Alas!, the U.S. Bureau of the Budget had EROS cancelled. NASA had complained that EROS would be an experimental space project, and as such was within the mandate of NASA. Mandates are very important in the government service. Nevertheless, NASA was honour-bound to come up with an alternative program which they finally did in 1969. It was to be called The Earth Resources Technology Satellite (ERTS). It was to retain the three RCA return-beam vidicons, but was also to have a new sensor, the multispectral scanner designed and made by Hughes, Santa Barbara. A vibrating mirror focussed the earth scene onto an array of solid state detectors arranged in five clusters, each cluster being sensitive to a different wave band, making five channels ranging from blue to the far infrared. The sensor was to have a ground resolution of 80 metres.

Our problem now was how to get the same deal with NASA on ERTS as we had with Interior on EROS, particularly as NASA originally had no plans to share their program internationally. John Chapman, who had successful cooperation with NASA on the Alouette and ISIS programs and I visited their Assistant Administrator to propose that Canada read out ERTS at Prince Albert. We were politely told "it would be foolish to invest in a readout and ground data handling facility as it would be too large a risk for Canada. It was costing NASA $40 million and besides, they could cover most of the Canadian landmass from their three readout stations in Alaska, Goldstone, Arizona and Wallops Island, New Jersey. Furthermore ERTS would carry an on-board tape recorder which could record any data beyond the range of the three readout stations". It was clear they did not want to have a foreign country reading out this satellite. Chapman appealed to the President Nixon's Scientific Advisor but to no avail.

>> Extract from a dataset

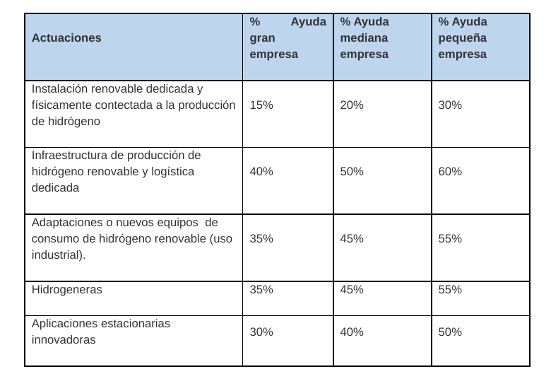 La ayuda total por proyecto está limitada a 15 millones, de acuerdo al Reglamento (UE) 651/2014 de la Comisión, de 17 de junio de 2014 (RGEC), y la intensidad máxima a conceder para cada una de las actuaciones será la siguiente (las ayudas a vehículos propulsados por hidrógeno se podrán consultar en la convocatoria):

Canada had a strong tradition, as did most states, of keeping the control of aerial photography and mapping within the country. We did not like the idea of having to purchase imagery of Canadian territory from a foreign country nor of having a foreign country acquire imagery of Canadian territory without advance permission. Such a concept was in violation of the Chicago International Convention which required any state wishing to acquire air photography of another country to first get permission. NASA took the position that in this case, the U.N. Treaty on the 'Peaceful Uses of Outer Space' applied - in which any state was free to conduct any activity in space provided it did no harm to other states (particularly in the case of falling debris).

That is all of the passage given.